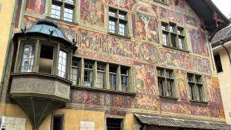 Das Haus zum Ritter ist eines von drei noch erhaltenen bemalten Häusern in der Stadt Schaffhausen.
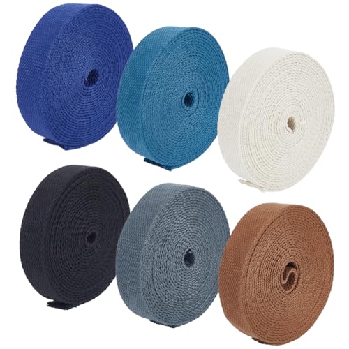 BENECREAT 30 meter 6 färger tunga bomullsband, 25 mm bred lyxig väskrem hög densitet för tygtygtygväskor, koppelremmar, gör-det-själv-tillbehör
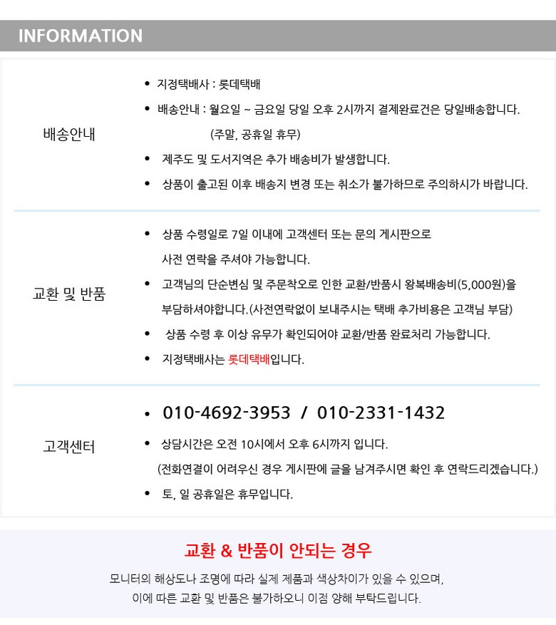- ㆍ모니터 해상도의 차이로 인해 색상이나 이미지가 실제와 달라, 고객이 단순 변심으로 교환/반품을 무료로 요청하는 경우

==

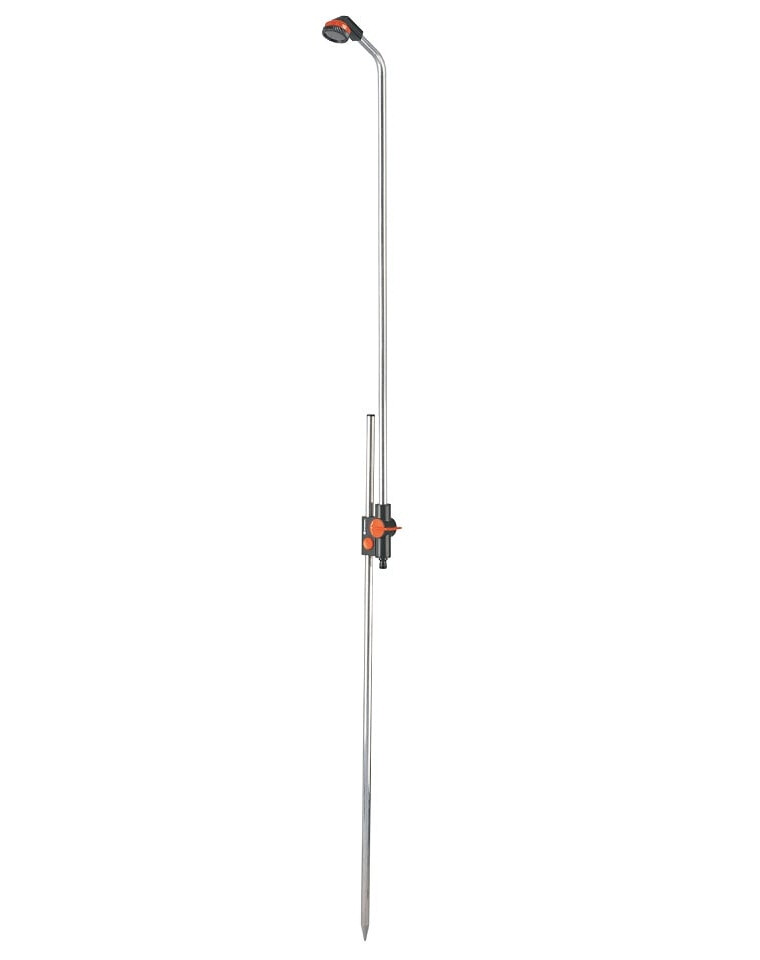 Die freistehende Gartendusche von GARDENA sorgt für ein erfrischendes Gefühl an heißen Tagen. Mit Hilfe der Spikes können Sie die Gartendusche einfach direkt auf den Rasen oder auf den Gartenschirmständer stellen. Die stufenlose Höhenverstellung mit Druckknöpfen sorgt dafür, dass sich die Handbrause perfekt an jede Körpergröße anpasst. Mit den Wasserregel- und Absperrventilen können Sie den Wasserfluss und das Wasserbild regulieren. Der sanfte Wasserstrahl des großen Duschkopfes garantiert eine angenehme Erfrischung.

---

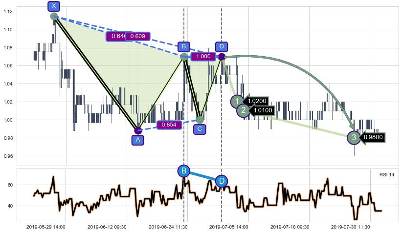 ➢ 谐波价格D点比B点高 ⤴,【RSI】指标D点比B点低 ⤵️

Task description: Each line between the one holding "Das Haus zum" and the one holding "- ㆍ모니터 해상도의", inclusive, should be copied exactly as it appears above, and pictures should be omitted.

Completed task:
 Das Haus zum Ritter ist eines von drei noch erhaltenen bemalten Häusern in der Stadt Schaffhausen.
 BENECREAT 30 meter 6 färger tunga bomullsband, 25 mm bred lyxig väskrem hög densitet för tygtygtygväskor, koppelremmar, gör-det-själv-tillbehör
- ㆍ모니터 해상도의 차이로 인해 색상이나 이미지가 실제와 달라, 고객이 단순 변심으로 교환/반품을 무료로 요청하는 경우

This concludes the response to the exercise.